Viral / Molecular Core High Density Sequencing Support
High density sequencing is an emerging technology with the capacity to generate millions of sequences, with up to a billion bases of sequence in a single run. This approach is ideal for characterizing complex populations such as HIV and SIV, HBV/HCV, and sites of retroviral DNA integration.
The Viral/Molecular Core is now offering Illumina sequencing as a service. In each case, amplicons will be generated from samples of interest, then sample sequences determined. Sequences are subject to stringent quality control algorithim and provided to users in fasta format. Bioinformatic analysis is available on a fee-for-service basis. The core also provides advice on experimental design, sequence work up, statistical analysis, and long term data storage.
Several services are offered.
- Initial consultation on experimental design (free of charge)
- Deep sequencing of viral genomes
- Sequencing of sites of retroviral DNA integration
- Programmer time for data analysis
The Core provides support for each of these areas through the expertise of Dr. Frederic Bushman (Core Co-Director).
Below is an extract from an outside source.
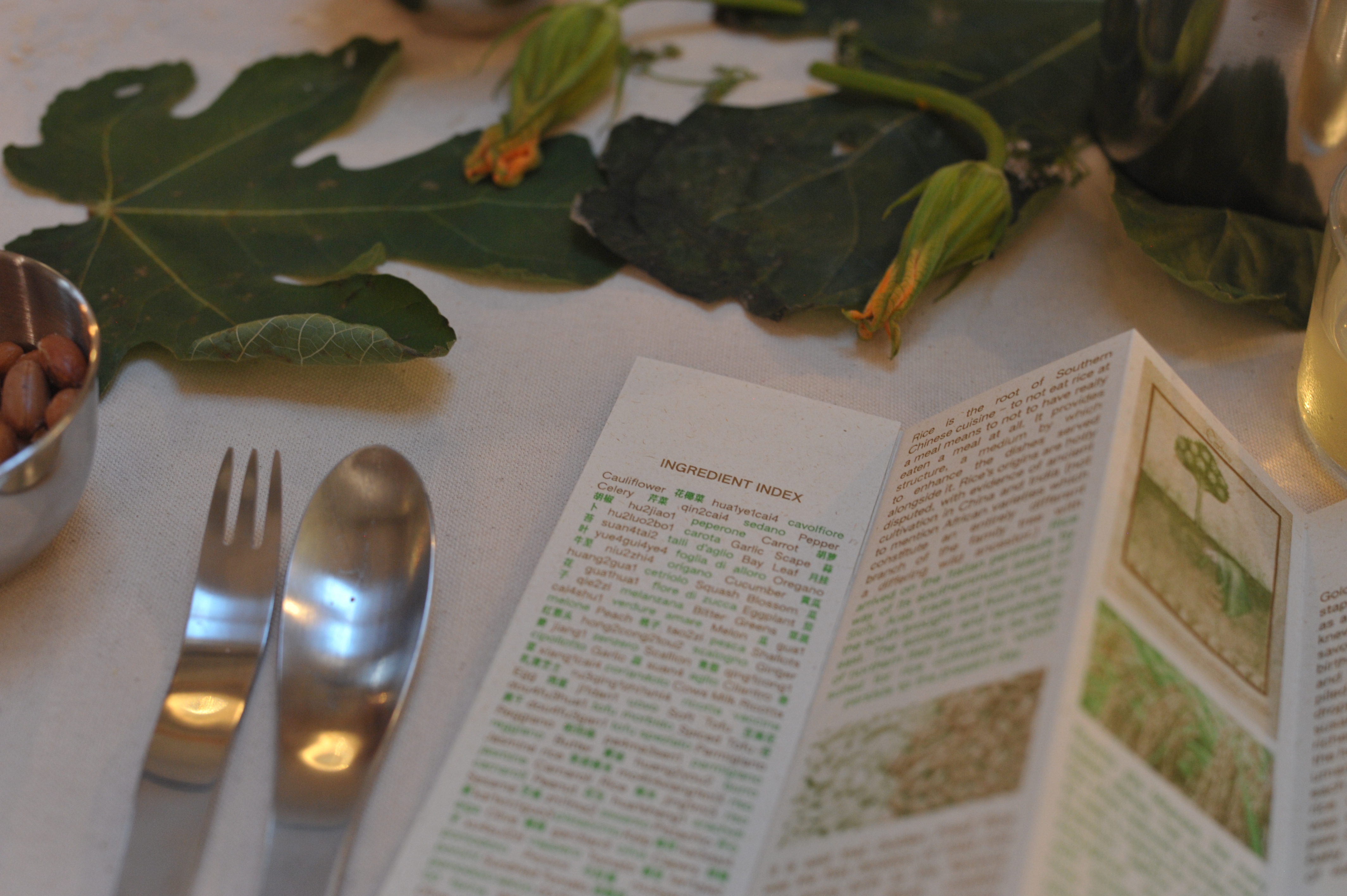 Italian and Chinese (including their hyphenate –American permutations) dishes, ingredients, and cooking methods shifted and recombined to produce a meal which necessarily accounted for the various cultural and ecological entanglements that constitute cuisine. This includes dynamics of migration, exchange, domestication, contamination, and labor. The result was a response to and an examination of decontextualized culinary fusion and its influence on food systems.

Advanced bioanalytic support and analysis is offered collaboratively through the Biostatistics and Data Management Core (Core G) by Dr. Hongzhe Li (Core G Co-Investigator).
For further information on utilizing V/M Core support for high density sequencing, contact Aubrey Bailey.
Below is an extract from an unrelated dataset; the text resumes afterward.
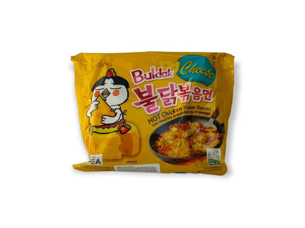 Legendární korejské nudle se sýrovou omáčkou, která spojuje jemnou krémovou chuť s lehkou pikantností. Nudle se připravují během několika minut – stačí vařit a smíchat s omáčkou. Tento variant je ideální pro všechny milovníky korejských nudlí, kteří chtějí vychutnat autentickou chuť bez extrémní pálivosti. Buldak sýrové se hodí jako rychlý oběd, svačina nebo večeře plná intenzivní chuti a aroma korejské kuchyně.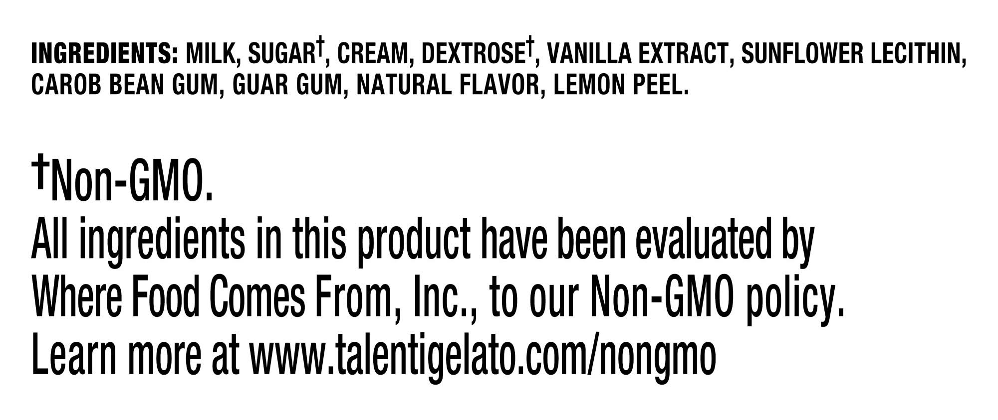 Ingredients: Milk, Sugar Non-GMO, Cream, Dextrose Non-GMO, Vanilla Extract, Sunflower Lecithin, Carob Bean Gum, Guar Gum, Natural Flavor, Lemon Peel. Contains: Milk

Order High Density Sequencing services through the Path BioResource at Penn. Instructions for the Path BioResource can be found here on the CFAR website or on the Path BioResource site itself.
Core Service Contact:
Viral and Molecular Core
The V/M Core can provide free collaborative biostatistical services including proposal development and study design, framing hypotheses, sample size calculation, selection of statistical methods, grant applications, interpretive analyses and manuscript writing.
If a grant results from this collaboration with effort budgeted for a student/analyst, the V/M Core can then continue to provide collaboration on data analysis.